The Gender Plan (The Gender Game #6)(4)



“Say something!” I hissed at him. “Fix this!”

“No! I was pretending you shot me, remember?” he whispered back. My eyes narrowed at the back of his head, suddenly wishing I had free use of both hands so I could slap this stupid idea out of his head. I had use of my left, but the slap that this level of delirious stupidity deserved was one I wasn’t currently capable of delivering. “Then how are you supposed to open the door without blowing your cover? Do you want me to really shoot you as a cover?”

“No, I don’t know! I—I—” Finally, he was flustered. “I imagined it going differently than this, okay?”

“You—”

This time, Owen didn’t let me finish the angry remark on my tongue. “I needed this all to be over!” he said. “I’m tired of everybody around me getting hurt! I’m tired of this war, I’m tired of everything falling apart and going wrong, and without Ian, I have nothing to look forward to anymore. It’s all so out of control and wrong, and it’s all Desmond’s fault. We can stop it. We can stop it right now. All we need to do is kill her.”

“Do you really think that is going to solve everything?” I snapped, my voice getting louder. A moment later, I caught myself, my hand fluttering to my mouth, but there was still a loud banging coming from the door.

Owen sighed. “No,” he said in the smallest breath imaginable. “But it felt so right.”

I sucked in a deep breath, trying not to let my imagination drift into dark places... scenarios where Desmond kidnapped me… and… I shut my eyes and tried to filter all the thoughts out. Those thoughts would get me nowhere, and neither would this argument. I tried to clear my head.

The banging stopped for a moment as Desmond’s voice spoke to us again.

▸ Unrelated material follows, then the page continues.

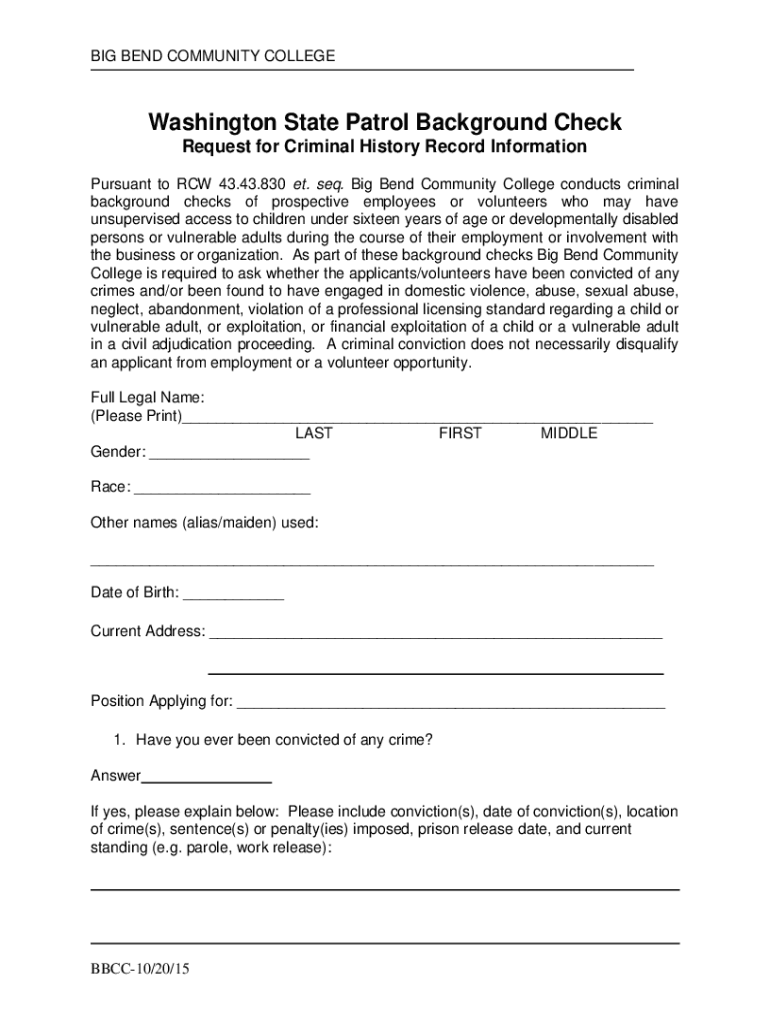 BIG BEND COMMUNITY COLLEGE Washington State Patrol Background Check Request for Criminal History Record Information Pursuant to RCW 43.43.830 ET. seq. Big Bend Community College conducts criminal

“Owen, I very much hope you are truly injured, because that will make the rest of this much easier for you. Cease this charade. My guards and I are growing impatient—bring her up here, or neither of you will like the result.”

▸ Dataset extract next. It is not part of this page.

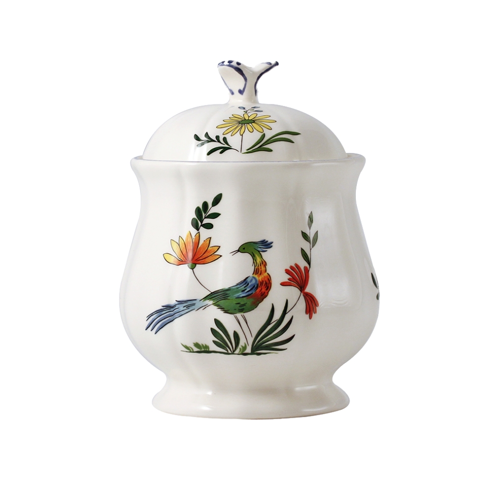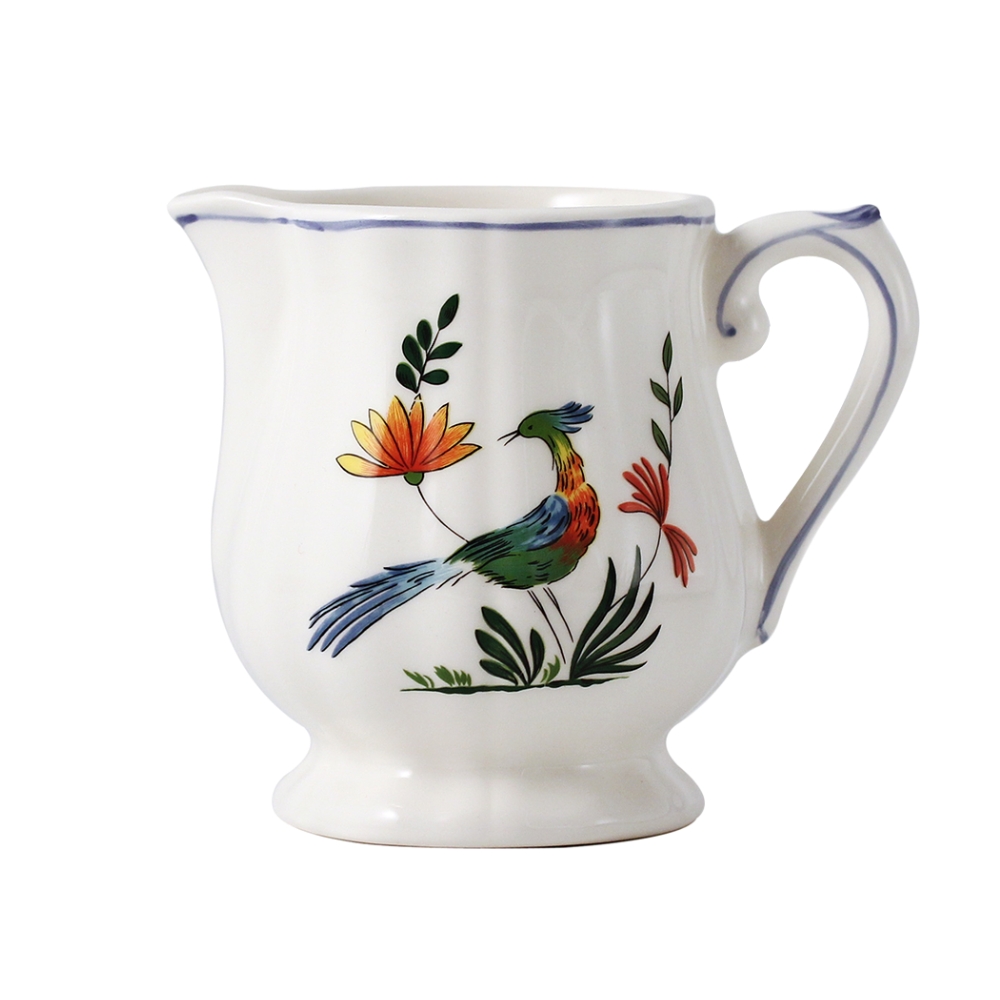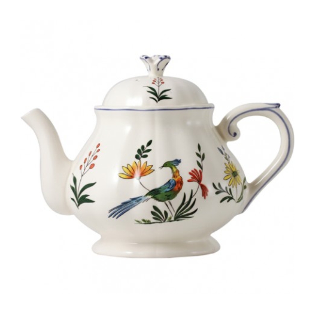 Das Geschirr Oiseaux de Paradis von Gien hat als zentrales Motiv Paradiesvögel umgeben von Blüten und Blättern.

Owen turned to me, his blue eyes imploring, and whispered desperately, “Okay, new idea. We pretend to surrender, then…”

My fingers on my right hand twitched in response, trying to form a fist in spite of the cast preventing it. “She shoots us both. First me, then you.”

Owen glared at me, but he didn’t answer. I pushed on. “I’m not going up those stairs, Owen. It’s too dangerous. I’m going out of Ashabee’s tunnel while they’re distracted. If you try to stop me, I’ll… I’ll… Please don’t try to stop me.”

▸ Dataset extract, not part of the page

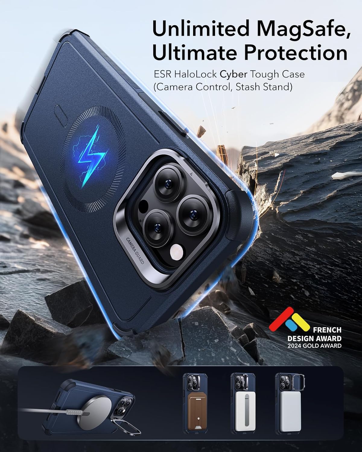 Capa ESR série Cyber para iPhone 13 Pro Max com suporte, proteção de nível militar contra quedas de 7 metros, capa magnética resistente, compatível com acessórios MagSafe, azul
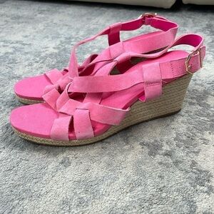 New Cole Haan Crystal Wedge Fuchsia Pink Strappy Sandals Barbie Summer Sz 8.5

I didn’t want to say what I would do, but I didn’t have to. From the barren look on Owen’s face, I knew he understood. His stupid plan was going to fail. He would have to drag me back to Desmond kicking and screaming. My teeth were clenched and my right hand’s fingers dug into the cast. If he tried to persist—if he really did want to sell me out to Desmond—this would be the hardest moment of my life.

Up above us, the pounding on the door had resumed, and it sounded less like random pounding now and more like deliberate use of force. I winced at the sound of splintering and scraping. The more time we spent here, the less time I had to escape.

“Come with me,” I pleaded, begging him not to fight me over this. “We’ll find some other way to kill Desmond. We’ll fix things.”

Instead of trying to fight me, Owen did the only thing that might have been worse: he turned back toward the basement door and pulled out his gun.

“You were right,” he said. “I’m sorry. I shouldn’t have dragged you into this. Get out of here while you still can, Violet.”

I had already taken a few steps back before the gravity of that statement fully registered. “You don’t really think you can take them all down by yourself—”

“I have to try! You said yourself that I’ve got to fix things!” Owen wasn’t even trying to whisper anymore. A moment ago, I had been furious enough to leave him behind and escape, but now, my heart rushed into my throat and the dizzy feeling flooded back in. A thousand emotions surged through my brain at once, paralyzing me for a split second.

It was a split second too long. There was a final crash, accompanied by excited shouts from the guards, and a big slice of pale light flooded down the stairs above us as Desmond’s voice drifted down the stairwell in the flood of debris and settling dust.

“Time’s up, Owen,” she said, her voice arctic cold.

Owen whipped his gun up to face the stairs, and I had time to swing my backpack around, fumbling for the gun as I took frantic steps backward, when, instead of the rush of footsteps I was expecting, I heard something clink. A small object made an arc in the air as it sailed down the stairs, hitting the landing with a metallic noise.

My brain recognized the object but refused to believe what it was. I was frozen, trapped in a nightmare all over again—bombs going off around me while I was dying. Owen shouted something, but it was impossible to hear over the panic causing my heart to skip beats and my ears to ring.

Owen turned to face me, his eyes wide, and my shock barely registered as he grabbed me, like he once had in The Green, throwing my stomach over his shoulder and running toward the back of the garage.

I barely noticed the throb of pain that pulsed through my ribs, focused on the grenade as it bounced, up off the landing, down toward us. We weren’t far enough. We weren’t going to make it through this.